#### [Data records]
+ + +

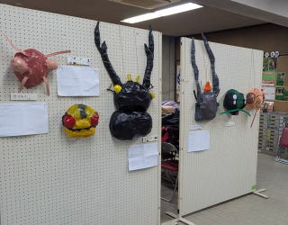 完成したお面は、会場にずらりと展示され、「むしのお面展示会」が開かれました。来場者たちは、「これはなにむし?」「すごい!ほんものみたい!」と、子どもたちの想像力あふれる作品に見入っていました。
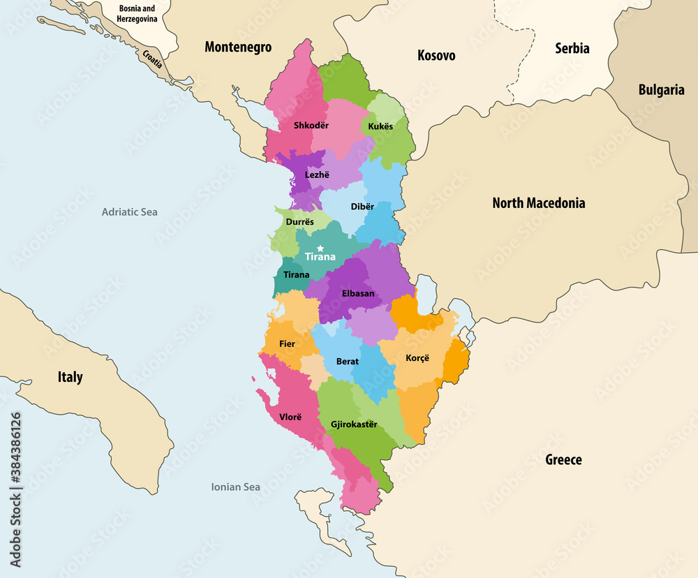 Foto Albania administrative divisions (distrcts) of colored by counties vector map wi
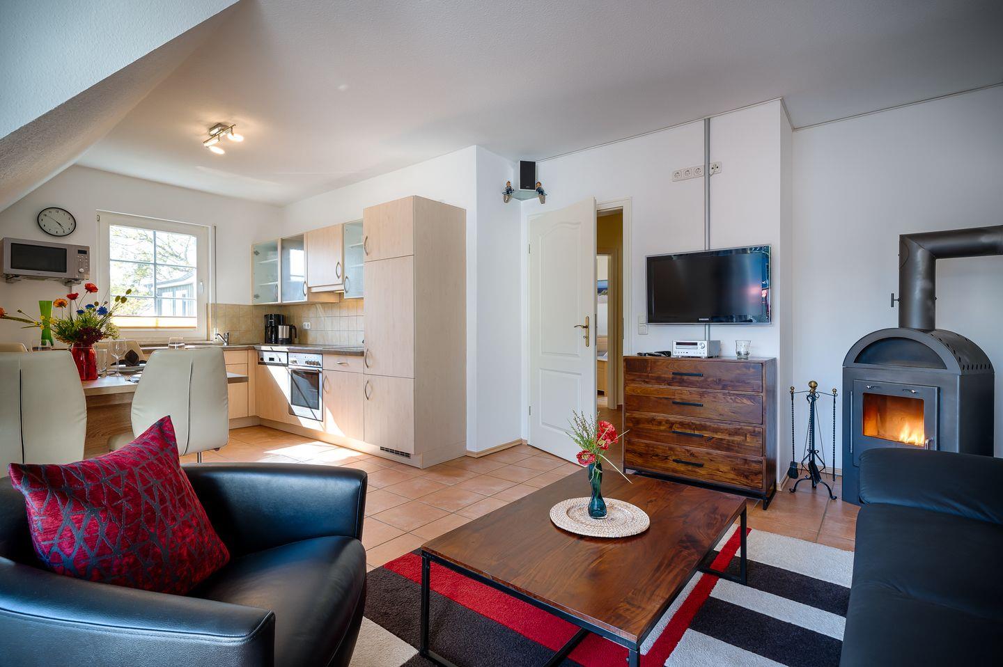 Wohnraum mit Ledergarnitur, offene Einbauküche und Esstisch für 4 Personen
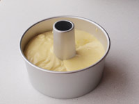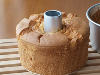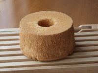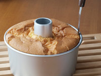 注:シフォンケーキを焼くときは敷き紙は使いません。ケーキ生地が型に張り付くことが大事なのです。焼き上がったあと型を逆さまにして冷まします。こうすることで生地がしぼんでしまうのを防ぎます。ぺったりと張り付いた生地をナイフあるいは竹串を縦に大きく使って型からはがします。ですからご使用になる型は底取れタイプのシフォン型をお奨めいたします。
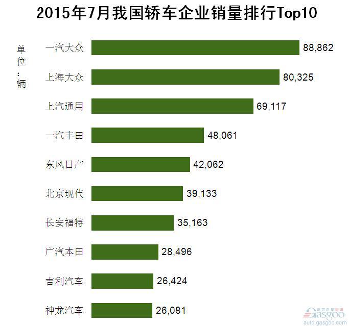 2015年7月我国轿车企业销量排行Top10

+ + +

#### [Assigned task]
Transcribe the records above exactly, leaving out every picture.

#### [Reply to the task]
 完成したお面は、会場にずらりと展示され、「むしのお面展示会」が開かれました。来場者たちは、「これはなにむし?」「すごい!ほんものみたい!」と、子どもたちの想像力あふれる作品に見入っていました。
 Foto Albania administrative divisions (distrcts) of colored by counties vector map wi
 Wohnraum mit Ledergarnitur, offene Einbauküche und Esstisch für 4 Personen
 注:シフォンケーキを焼くときは敷き紙は使いません。ケーキ生地が型に張り付くことが大事なのです。焼き上がったあと型を逆さまにして冷まします。こうすることで生地がしぼんでしまうのを防ぎます。ぺったりと張り付いた生地をナイフあるいは竹串を縦に大きく使って型からはがします。ですからご使用になる型は底取れタイプのシフォン型をお奨めいたします。
 2015年7月我国轿车企业销量排行Top10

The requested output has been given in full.